Our technique operates on a trained StyleGAN-like model of a suitable collection of images provided we have a high-level known set of action images.
- We can then train models that generate high-level action sequences and apply our technique to make a video.
- Alternatively, we can make videos from scripted sequence of high-level actions (the particular case we showed was for facial expression of emotion).
As our technique is closer to morphing, we can make longer sequences before the frames become not humanly plausible.
We are also able to generate high resolution video (1024 x 1024) on a single machine albeit with a high end graphics card.

References

[1] M. Saito, E. Matsumoto, and S. Saito, "Temporal generative adversarial nets with singular value clipping," Proceedings of the IEEE International Conference on Computer Vision (ICCV), 2017, pp. 2830--2839.

[2] R. Abdal, Y. Qin, and P. Wonka, "Image2StyleGAN: How to Embed Images Into the StyleGAN Latent Space?," Proceedings of the IEEE International Conference on Computer Vision. 2019.

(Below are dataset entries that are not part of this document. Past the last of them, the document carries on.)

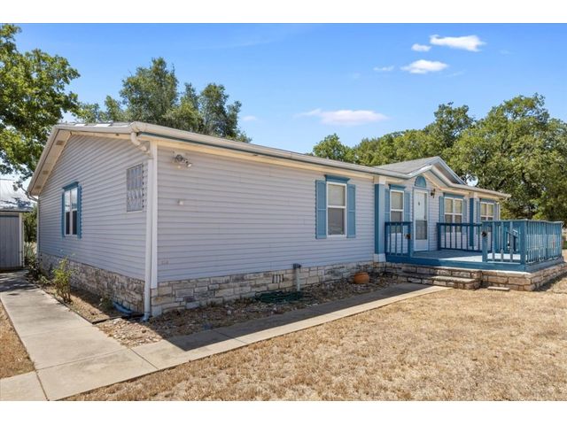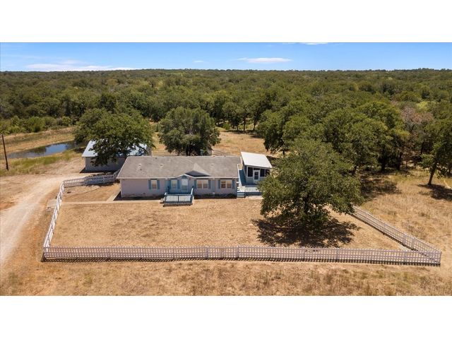 Country Living at its finest! Bring the horses, cows, goats, chickens, dogs, cats and more! Drive through your gated entrance and down the driveway to peace and quiet. Situated near the privacy of the tree line, is a 4 bed, 2 bath, 2,338+/- sq ft (BCAD) Triple Wide Manufactured Home that offers lots of storage and open living space. Enjoy wrap around views from your front, side or back patio. The side patio features an enclosed and screened in hot tub room, perfect for the upcoming chilly Texas fall evenings! The 3 car garage also has a feed/storage room and a large work room/shop. This 10+/- acre property is fenced for livestock and provides a 3 stall barn with a raised center walk way, tack room, 2 exterior pens, working chute and a side overhang, perfect for implement storage or trailer parking.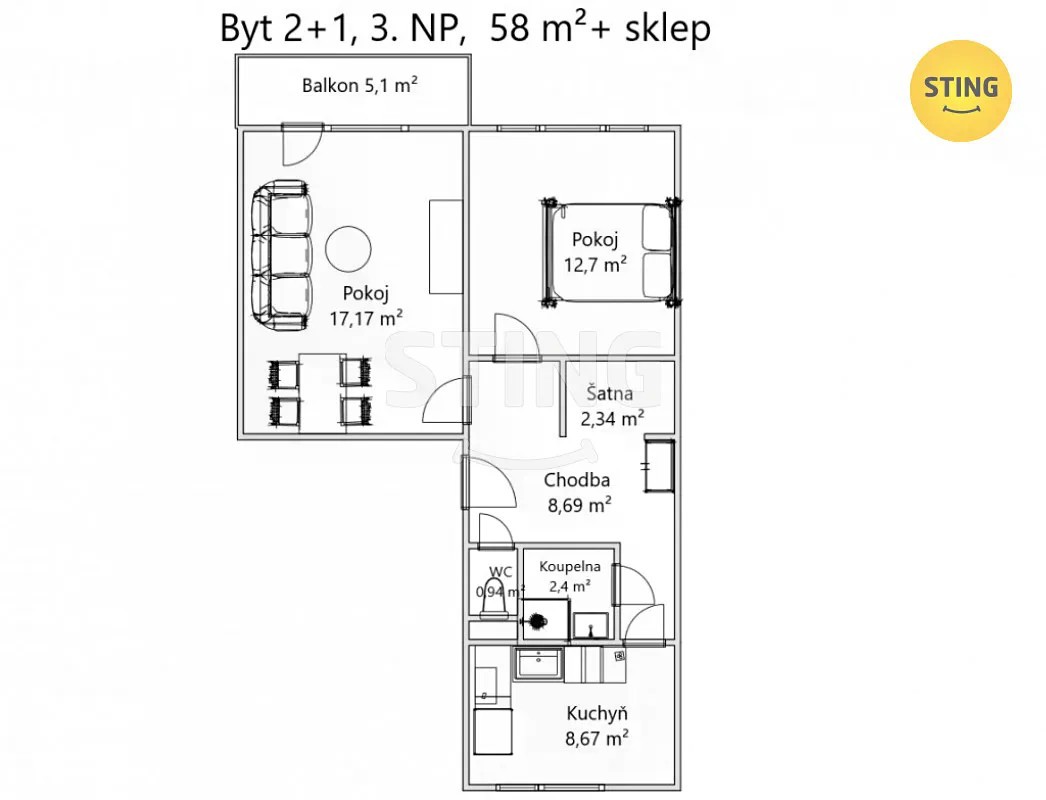 Nabízíme ke koupi příjemný byt 2+1 o podlahové ploše 53 m² s balkonem (5 m²), umístěný ve 3. patře revitalizovaného domu bez výtahu v žádané lokalitě Otrokovice - ulice Havlíčkova. K bytu náleží také sklep (3,57 m²). Byt se nachází v udržovaném stavu, což dává skvělou příležitost k případné úpravě dle vlastních představ. Dispozice je velmi praktická - prostorná vstupní chodba s komorou, samostatná kuchyň, obývací pokoj se vstupem na balkon, ložnice (tyto pokoje jsou orientovány do zeleně za domem), koupelna se sprchovým koutem a oddělené WC. Dům je kompletně zrevitalizován a zateplen, byly renovovány balkony a vyměněna plastová okna jak v bytech, tak i ve společných prostorách. Podlahy tvoří parkety, PVC a dlažba, dveře jsou v ocelových zárubních (plné i prosklené). Tento byt může být skvělým startem pro mladý pár, jednotlivce či jako investice na pronájem. Lokalita nabízí klidné bydlení s výbornou občanskou vybaveností - v pěší vzdálenosti najdete obchody, školu, školku, zastávku MHD i vlakové nádraží. Parkování je možné přímo u domu. Neváhejte nás kontaktovat pro více informací nebo domluvu osobní prohlídky. V případě více zájemců si majitel vyhrazuje právo prodat nejvýhodnější nabídce. Do konce listopadu 2025 nabízíme prostřednictvím našeho partnera úrokové sazby od 4,29 % p.a. Více informací Vám sdělí náš specialista na prohlídce.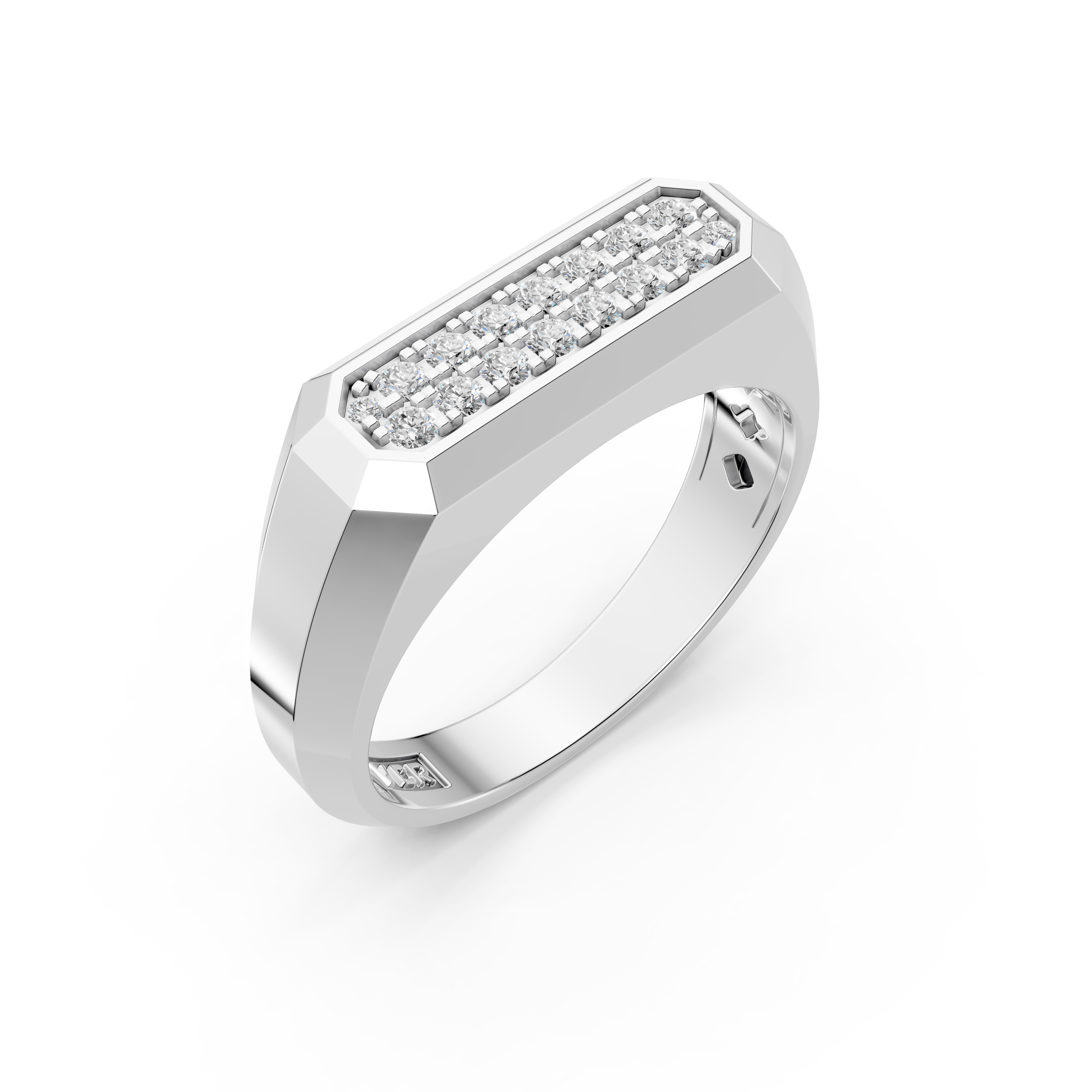 Phần mặt nhẫn nổi bật với hai dải kim cương Round lấp lánh được đính kết tinh tế, tạo hiệu ứng ánh sáng rực rỡ như lời chúc phúc cho hạnh phúc lứa đôi. Những viên kim cương được chọn lọc và sắp xếp tỉ mỉ để đảm bảo độ hoàn hảo tuyệt đối, mang đến vẻ lộng lẫy và cuốn hút. Đai nhẫn trơn, mượt mà, làm nổi bật sự tinh tế và sang trọng của toàn bộ thiết kế.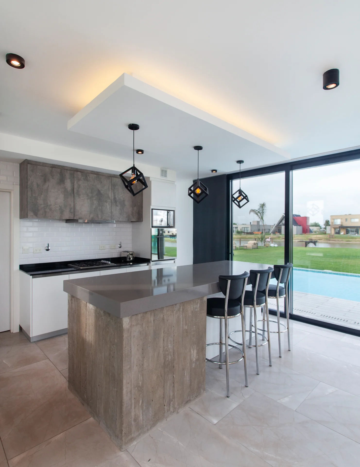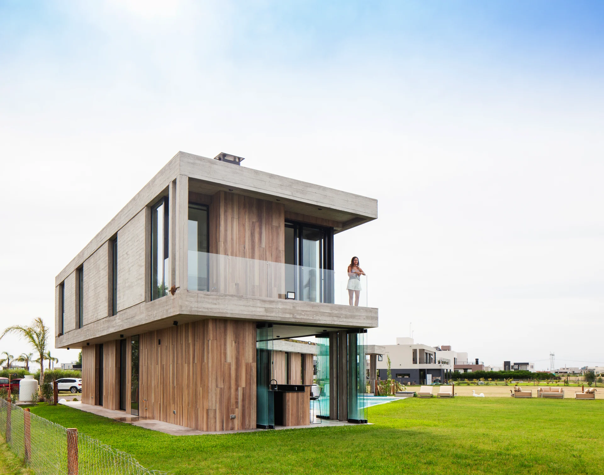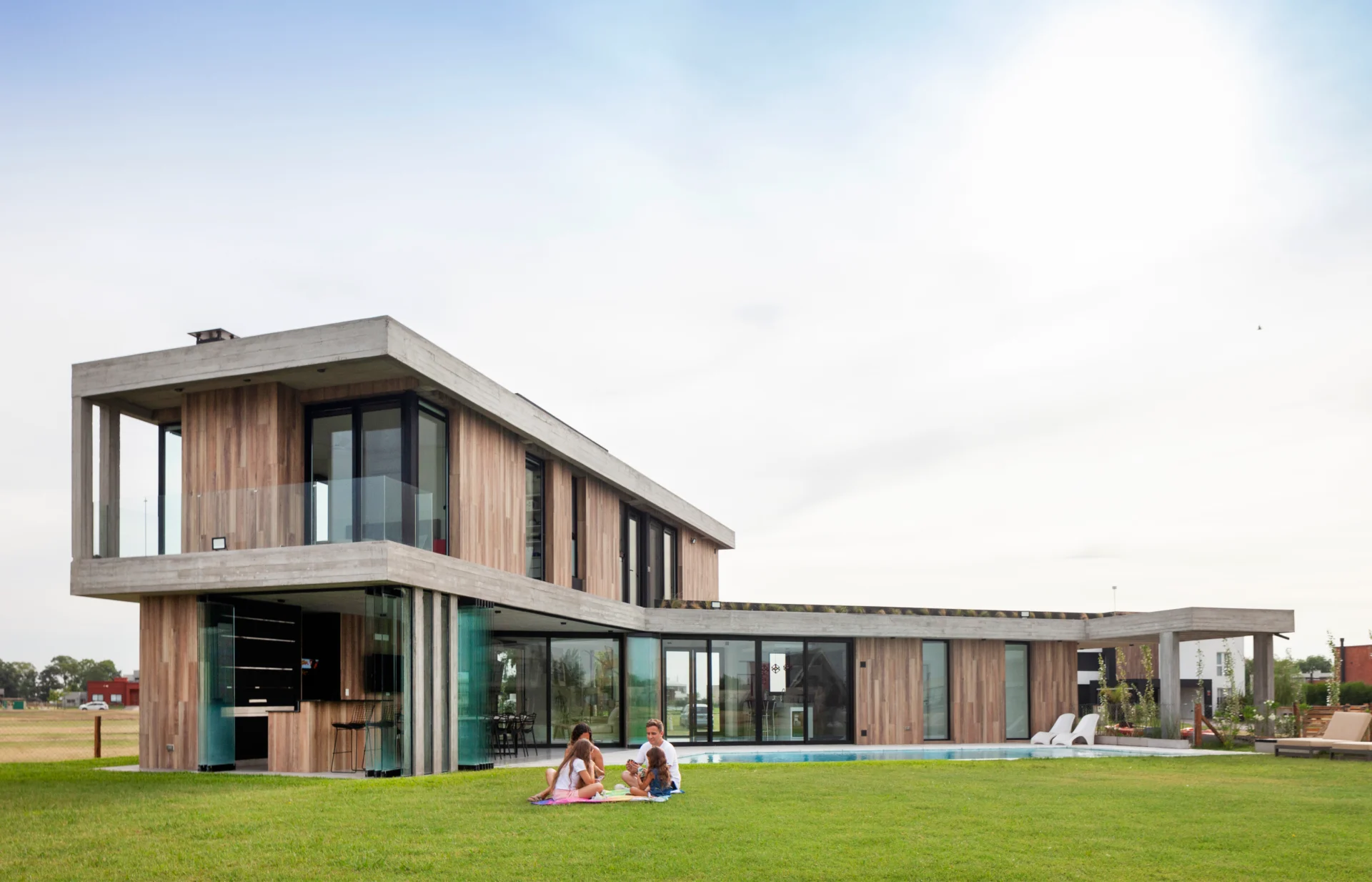 El diseño interior y exterior es el mismo, el hormigon que cierra la casa hacia el exterior se expone adentro dandole una identidad unica a la casa como asi tambien la madera.

[3] T. Karras, et al., "Progressive growing of GANS for improved quality, stability, and variation," International Conference on Learning Representations (ICLR), 2018.

[4] S. Tulyakov, et al., "MoCoGAN: Decomposing Motion and Content for Video Generation," 2018 IEEE/CVF Conference on Computer Vision and Pattern Recognition, 2018. pp. 1526--535, doi: 10.1109/CVPR.2018.00165.

[5] T. Karras, S. Laine, and T. Aila, "A style-based generator architecture for generative adversarial networks," 2019 IEEE/CVF Conference on Computer Vision and Pattern Recognition (CVPR), 2019, pp. 4396--4405, doi: 10.1109/CVPR.2019.00453.

[6] N. Aifanti, C. Papachristou, and A. Delopoulos, "The MUG facial expression database," 11th International Workshop on Image Analysis for Multimedia Interactive Services WIAMIS 10. IEEE, 2010.

[7] T. Karras, et al., "Analyzing and improving the image quality of StyleGAN," 2020 IEEE/CVF Conference on Computer Vision and Pattern Recognition (CVPR), pp. 8107-8116.

[8] S. Ji, et al., "3D convolutional neural networks for human action recognition," IEEE Transactions on Pattern Analysis and Machine Intelligence, 35(1):221--231, 2013.